The Pros (and Probiotics) of Fermented Foods

“Probiotic” is a big buzzword in the health and wellness world these days. Probiotics are microscopic live bacteria and yeasts, and they’re the “good” kind: good for your health, especially the digestive system. We’re all looking for that good gut health, right?

When you lose “good” bacteria from your body, for example, when you take antibiotics, probiotics can help replace them. Probiotics can also help balance your “good” and “bad” bacteria to keep your body working the way it should. Probiotics are most often found in some of our favorite foods and drinks, like yogurt, kimchi and sauerkraut, miso, tempeh and, of course, kombucha.

While you can easily purchase and take probiotic pills, you may want to stick to the foods and drinks we mentioned above, which are more regulated — and more potent — than a pill.

Probiotic pills do have nutritional value, but what you see on the label may not be what you get. According to two researchers at Bastyr University in Washington, they found that after testing a wide variety of probiotic supplements, a whopping four out of 20 products had no sign of living, friendly bacteria.

The sad truth is that too many supplements vary in quality and potency and actually can’t survive harsh stomach acid in order to get to your intestines. Fermented foods and drinks are viable in your system from the time they touch your lips all the way down into your gut. Lab-produced probiotics are also often only a single strain of bacteria, like Lactobacillus acidophilus, while fermented foods and drinks can have many different strains of live cultures supplied by nature.

So, after considering all of this, fermented foods and drinks may be your best solution to often-ineffective probiotic supplements. Here are the top reasons that we love to eat and drink our probiotics:

Probiotics, Alive & Well

Whether you purchase fermented foods and drinks or make them at home, you are ingesting active bacteria. And, if you are purchasing them, check the label and make sure it states the food “contains live, active cultures.” Some labels may even list out the cultures; Bifidobacterium, Lactobacillus, Lactococcus and Leuconostoc are some of the strains to look for. We recommend you choose foods with other good-for-you nutrients in addition to the probiotics, like yogurt, which also contains filling protein and calcium.

Whole-Body Wellness

Another great introductory food to the fermentation world is kombucha, which contains those live, active probiotic cultures we love, and also offers tremendous health benefits for your entire body, especially your gut. Not only does kombucha aid in digestion, it also fights the harmful yeast in your system, it can help provide mental clarity and can also help stabilize your mood. And the fizziness and flavor profiles for kombucha are endless! Plus, people have been enjoying this fermented tea for thousands of years.
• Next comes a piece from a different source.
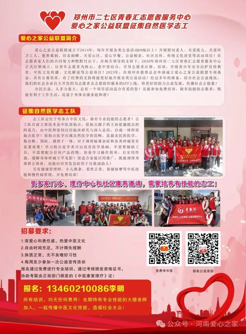 爱心之家公益联盟成立于2014年,每年开展各类公益活动60场以上!开展慰问老人、关爱孤儿、关爱环卫工人、慈善募捐、旧衣捐赠、关爱山区、爱心早餐、公益相亲、社区宣传、传统文化讲堂等活动项目!在志愿者家人们的共同努力和默默付出下,在相关领导的支持下,2020年郑州市二七区青春汇志愿者服务中心正式注册成立。以青年志愿者为核心,老中青结合,引导志愿者注册、培训,开展青少年安全自护宣传教育、中医文化传播、文化解说等公益项目!2023年底,在郑州市慈善总会申请成立爱心之家公益联盟专项基金,有了经费的支持将能更好地开展各类公益活动!经过多年的准备,结合社会公益现况,我们自主开发的为志愿者及志愿组织服务的APP在三月份即将上线,将更好的助力公益发展,传播社会正能量!

Among other things, probiotics help send food through your gut by triggering nerves that control gut movement. Researchers are still trying to figure out which probiotics are best for certain health problems: Some common conditions they treat are irritable bowel syndrome and inflammatory bowel disease.

There is also some research that shows probiotics are useful for problems in other parts of your body. For example, some people say probiotics have helped with skin conditions, like eczema, urinary and oral health. Emily Scott, digital marketing coordinator at Kimberton Whole Foods, completely agrees. She says, “Probiotics can be a great addition to a healthful diet and lifestyle. In my experience, a balanced and well-functioning gut can lead to improvements in immune response, skin health and more. For this reason, incorporating probiotics or probiotic-rich foods into your diet may be worth a try if you’re suffering from symptoms that you’re having trouble finding a solution to.”

A Bounty of Benefits

Packed with B vitamins, minerals and enzymes, fermented foods and drinks are whole foods full of nutritional value in their own right. Fermented foods are pre-digested by bacteria and yeast so that your gut can easily break down and absorb nutrients. It’s all about what happens in the fermentation process — and also what doesn’t happen. For example, fermentation doesn’t use heat, which means your foods and drinks retain vital amino acids that can be destroyed by heat.

Very Versatile

Taking a pill may seem easier than adding a bunch of fermented goodies to your day, but a great benefit to consuming your probiotics is that you can use them throughout your cooking. For instance, add foods like kimchi, which can be spicy-hot, as a new side or topping. If kimchi is too spicy, try its cousin sauerkraut, which adds more zing than spice. Sauerkraut is the perfect addition to a grilled cheese sandwich or pork chops. You can also experiment with miso, a fermented soybean paste, in soup or blended into a sauce or salad dressing.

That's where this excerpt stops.